## TASK OBJECTIVE
Nothing but the text should be carried over: reproduce all the data exactly and leave out every image.

## DATASET SECTION
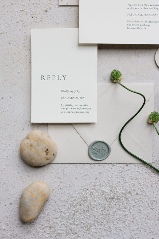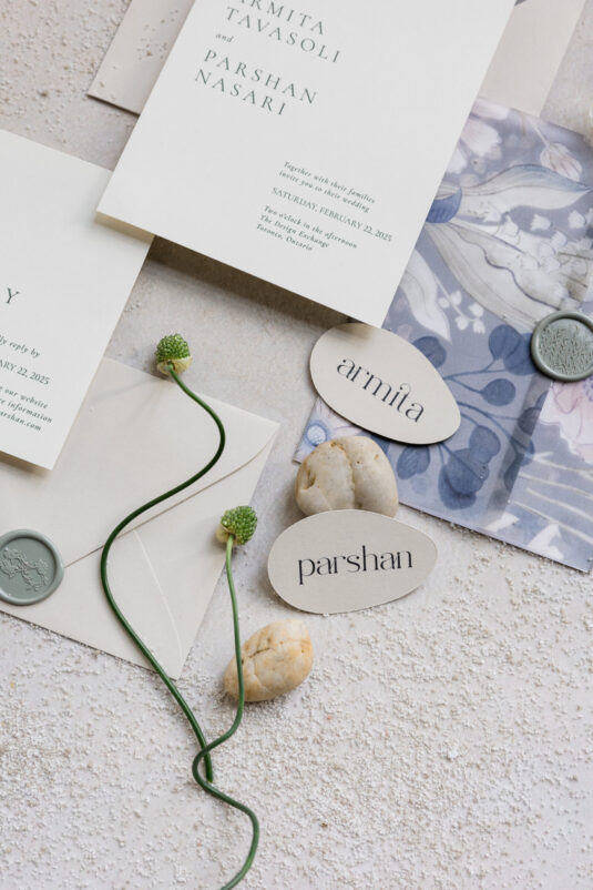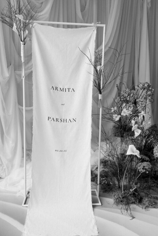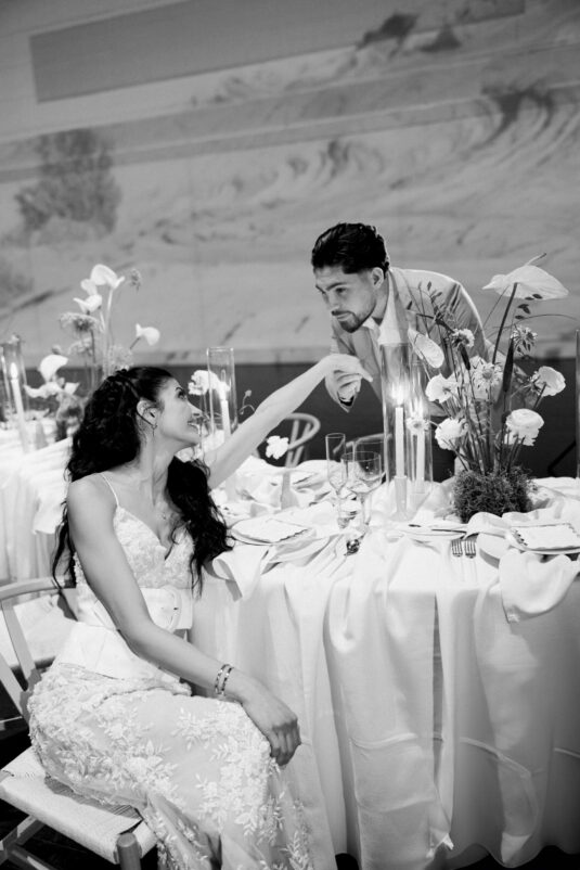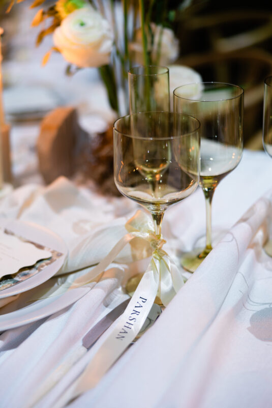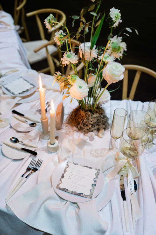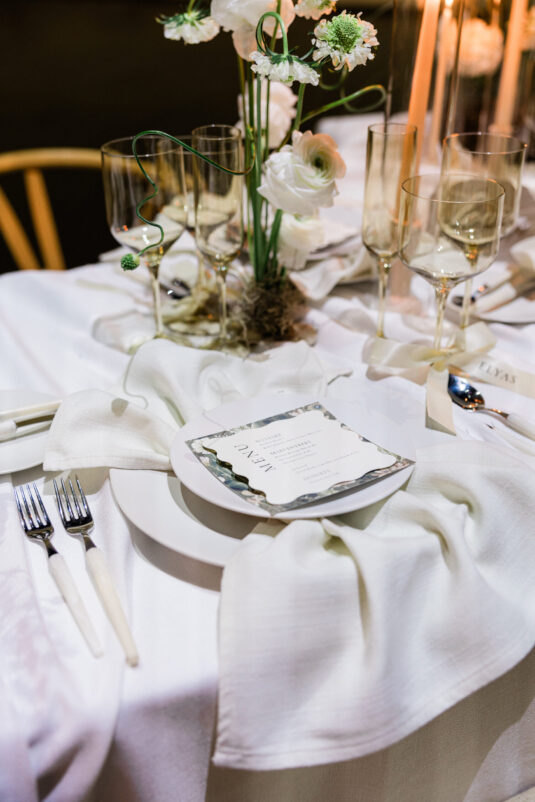 Downstairs, the mood shifted dramatically for the reception. Set in the grand Trading Floor, warm-toned projection mapping bathed the venue in abstract desert imagery, evoking the richness of arid landscapes while maintaining an inviting glow. Stone-inspired textures and richly layered tablescapes were accented with personalized ribbon-tied place cards, adding an intimate, tactile touch.
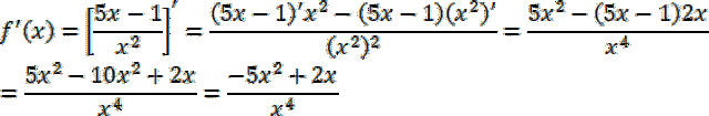 Najpierw wyznacz dziedzinę funkcji, wiedząc, że wyrażenie w mianowniku jest różne od zera, a następnie wyznacz jej pochodną, korzystając z własności
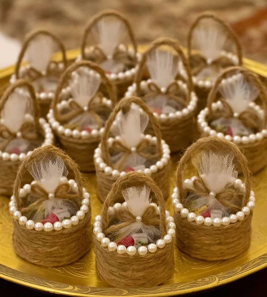 0Wedding favor baskets Nikkah Bidh Initials can be added for an additional cost. Each basket can be filled with wrapped treats, nuts, or chocolates. Clients may provide their own fillings. Pricing will vary depending on the chosen filling.
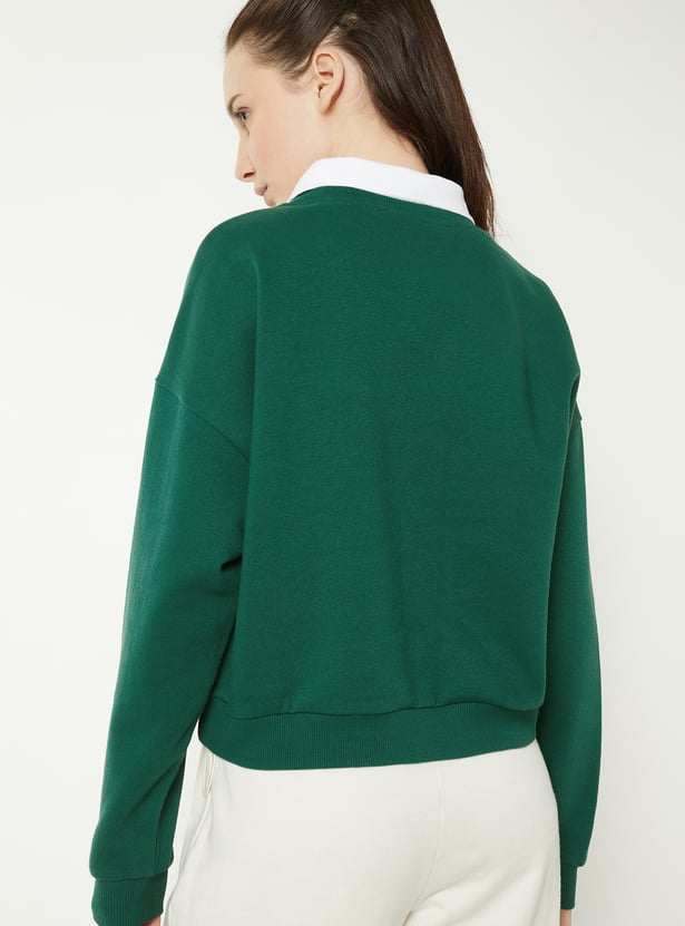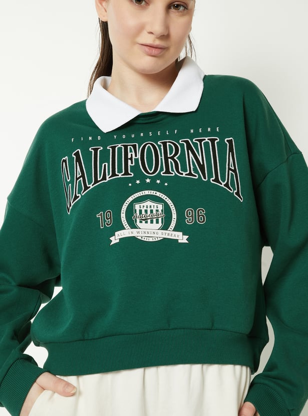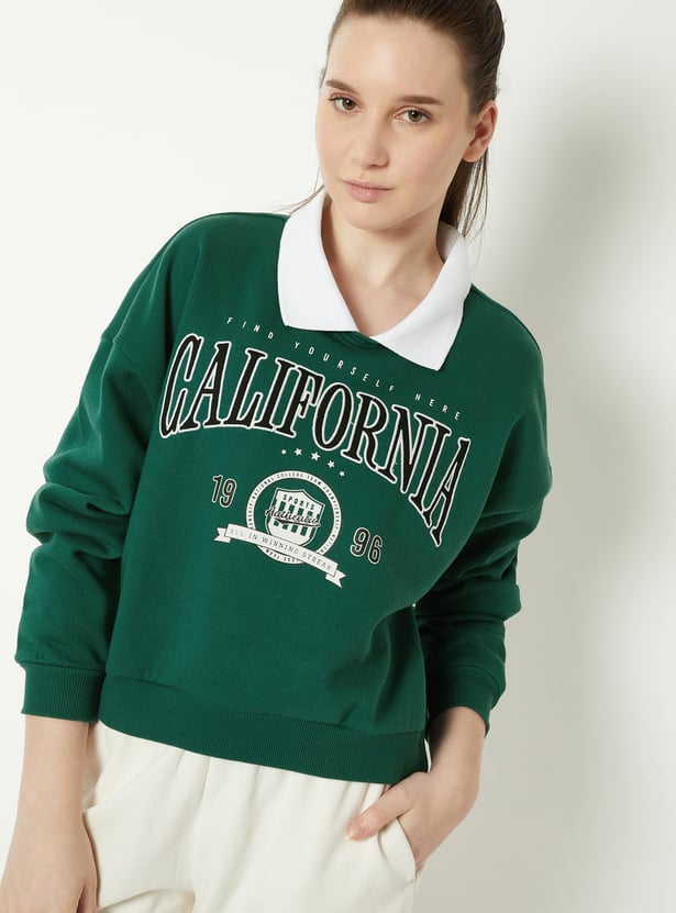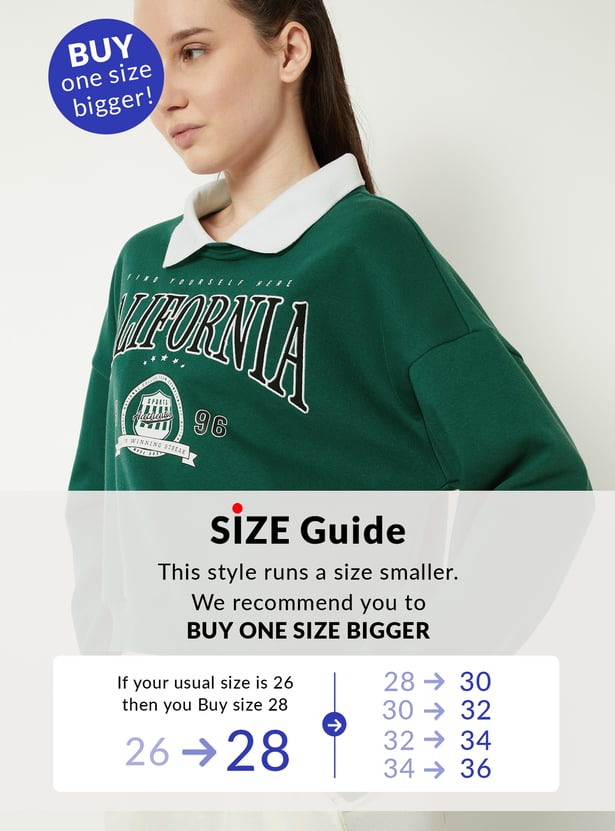 Stay cosy and stylish with this printed sweatshirt, featuring a contrasting collar and full sleeves. The ribbed trim adds a neat finish, while the playful print brings a fun, casual vibe. Model Size :

## RESULT BELOW
 Downstairs, the mood shifted dramatically for the reception. Set in the grand Trading Floor, warm-toned projection mapping bathed the venue in abstract desert imagery, evoking the richness of arid landscapes while maintaining an inviting glow. Stone-inspired textures and richly layered tablescapes were accented with personalized ribbon-tied place cards, adding an intimate, tactile touch.
 Najpierw wyznacz dziedzinę funkcji, wiedząc, że wyrażenie w mianowniku jest różne od zera, a następnie wyznacz jej pochodną, korzystając z własności
 0Wedding favor baskets Nikkah Bidh Initials can be added for an additional cost. Each basket can be filled with wrapped treats, nuts, or chocolates. Clients may provide their own fillings. Pricing will vary depending on the chosen filling.
 Stay cosy and stylish with this printed sweatshirt, featuring a contrasting collar and full sleeves. The ribbed trim adds a neat finish, while the playful print brings a fun, casual vibe. Model Size :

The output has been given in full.